A new recipe for Large Igneous Provinces: just add BIF, then wait a couple of hundred million years

Here’s a new paper that proposes the biggest of big ideas: a 240 million year causal chain that runs from the Earth’s surface, to the core mantle boundary, and back again! Here’s how it supposedly goes:

1. Banded iron deposits form on the ocean floor.
2. After subduction, they slowly sink to the bottom of the mantle.
3. The presence of an iron-rich and conductive blob of subducted stuff on the core-mantle boundary boosts local heat flow, and triggers the formation of a mantle plume.
4. Once the plume rises to the base of lithosphere, vast amounts of magma forms by decompression melting, and a new Large Igneous Province is born.

A series of cross sections through the Earth showing how iron formations formed at the surface (left) are subducted and sink to the bottom of the mantle, where they promote heat transfer across the core mantle boundary (centre), which creates a mantle plume that rises to the surface and causes the formation of a large igneous province (right).
The proposed mechanism by which subducted banded iron formations (BIFs) trigger mantle plumes by messing around with heat flow when the reach the core-mantle boundary, and eventually lead to the formation of a Large Igneous Province back on the Earth’s surface. Sketch by Chris Rowan

A few quick thoughts on this:

  • Most BIF formation occurs in the Proterozoic – most famously they are associated with the Great Oxygenation Event around 2.4 billion years ago, but even after that the ocean remained poorly oxygenated.
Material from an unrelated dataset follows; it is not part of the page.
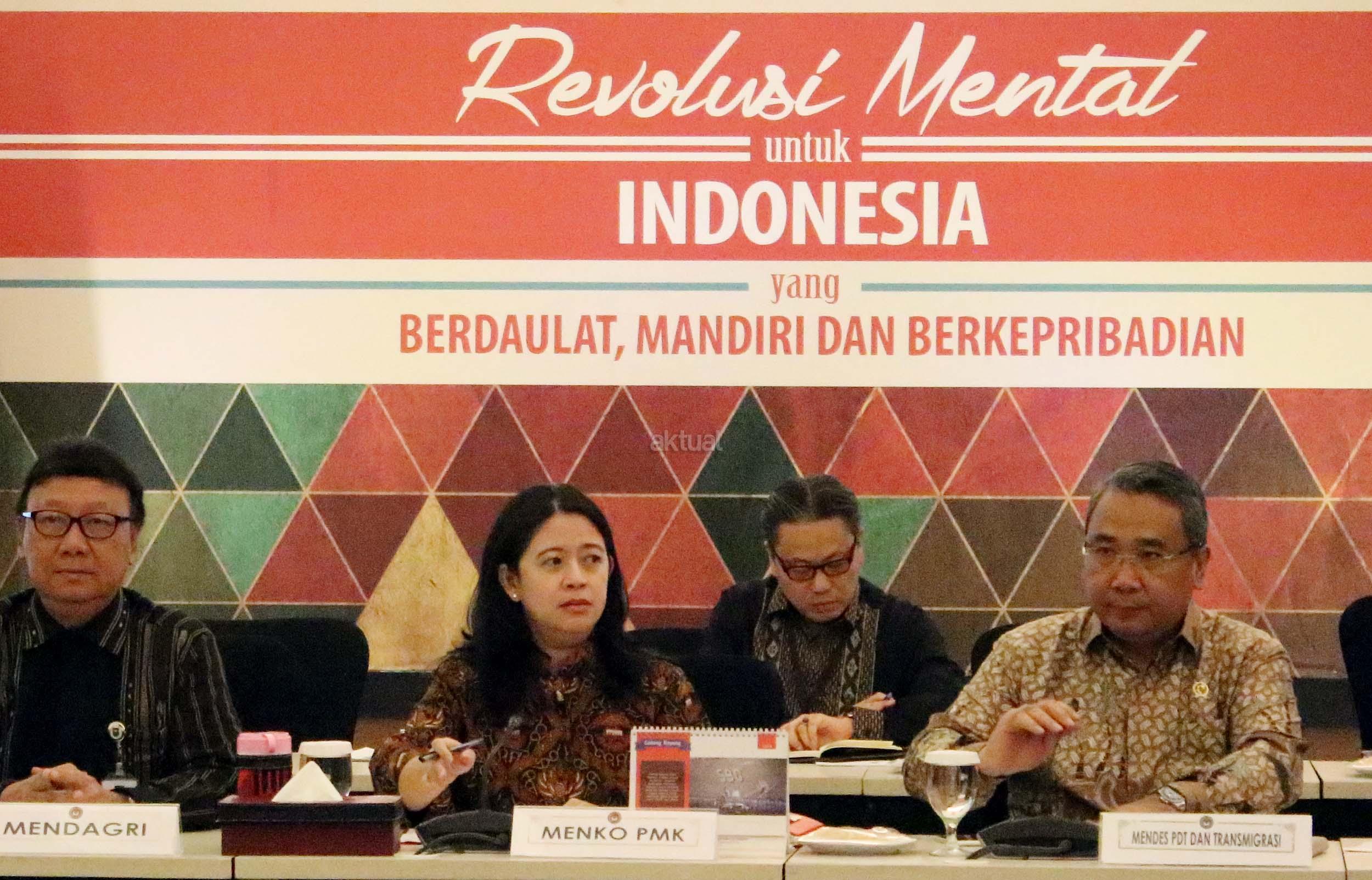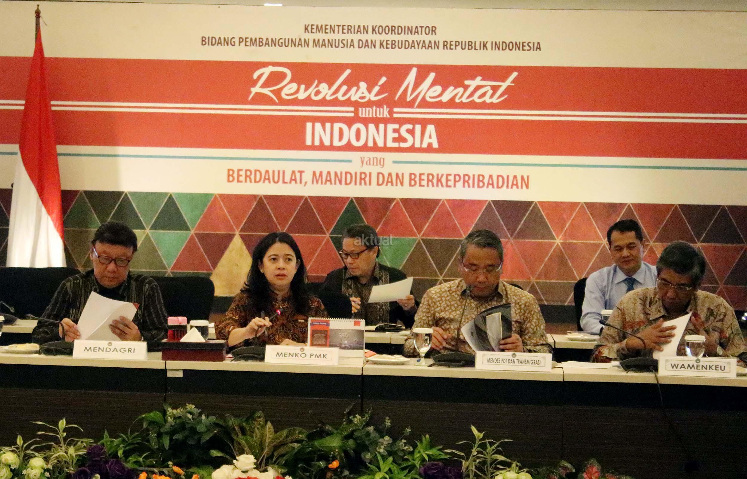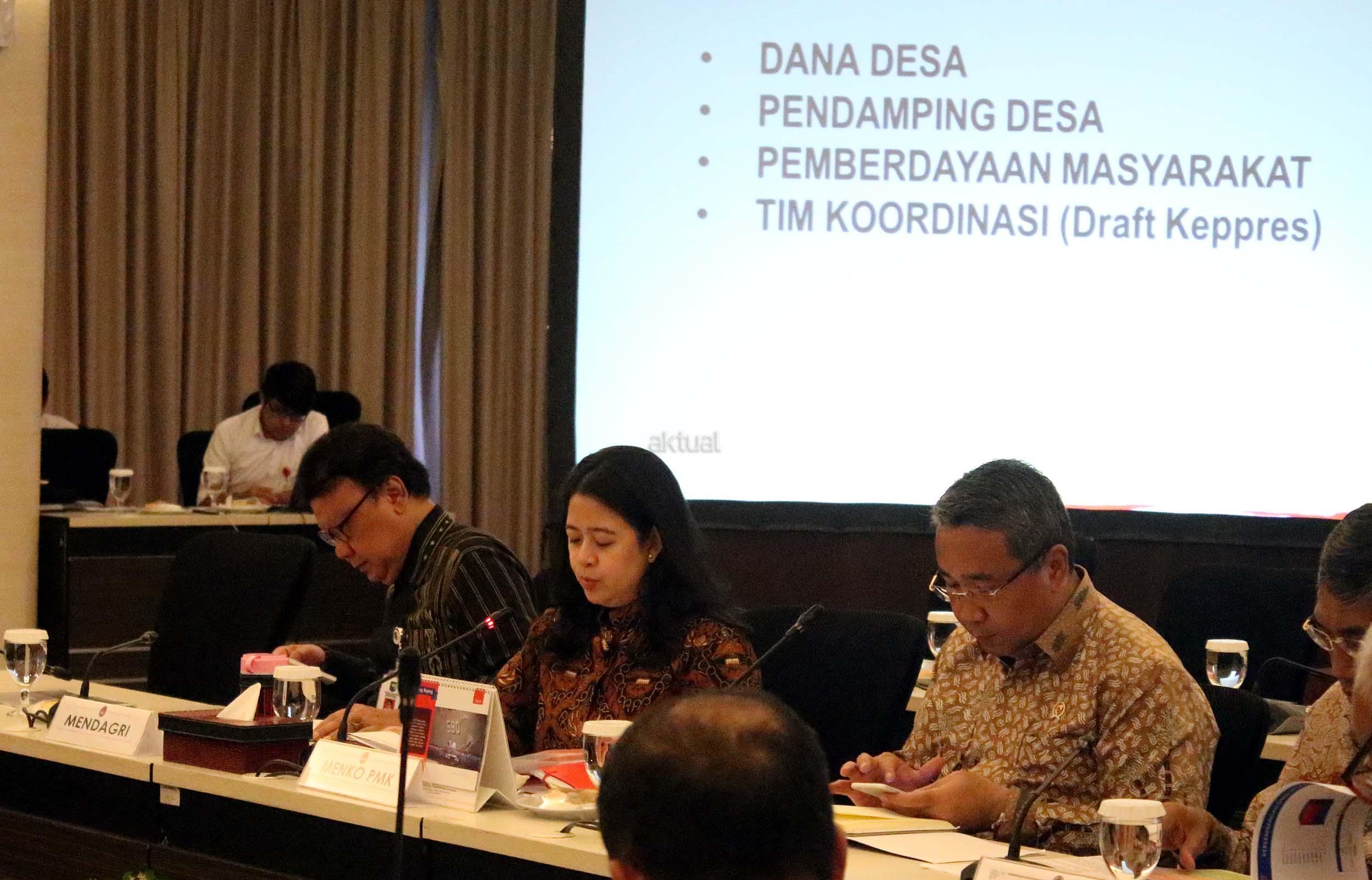 Menko Bidang Pembangunan Manusia dan Kebudayaan Puan Maharani (tengah) didampingi Mendagri Tjahjo Kumolo (kiri) dan Menteri Desa, Pembangunan Daerah Tertinggal dan Transmigrasi Eko Putro Sanjoyo dan Wamenkeu Mardiasmo memimpin rakor tingkat menteri di Kantor Kemenko PMK, Jakarta, Rabu (19/10/2016). Rakor itu membahas tentang dana desa, pendamping desa, dan pemberdayaan masyarakat serta tentang tim koordinasi monitoring dana desa. AKTUAL/Munzir

Does this imply that Large Igneous Provinces were much more frequent in the Proterozoic (which would make the ‘Boring Billion‘ a mite less boring, IMHO)?
  • There were episodes of BIF formation associated with the ‘Snowball Earth’/Cryogenian period at the end of the Proterozoic, which could be linked to Large Igneous Province formation in the Paleozoic (although the Siberian Traps is pushing the proposed time delay a bit).
  • It assumes/requires that the Proterozoic was a time of active ‘modern’ subduction, which is somewhat disputed ground in the ‘When did plate tectonics start?’ debate…
  • Although this is a cool idea, correlating events with such a large, and inherently noisy due to the details of subduction, lag time is something to do very carefully.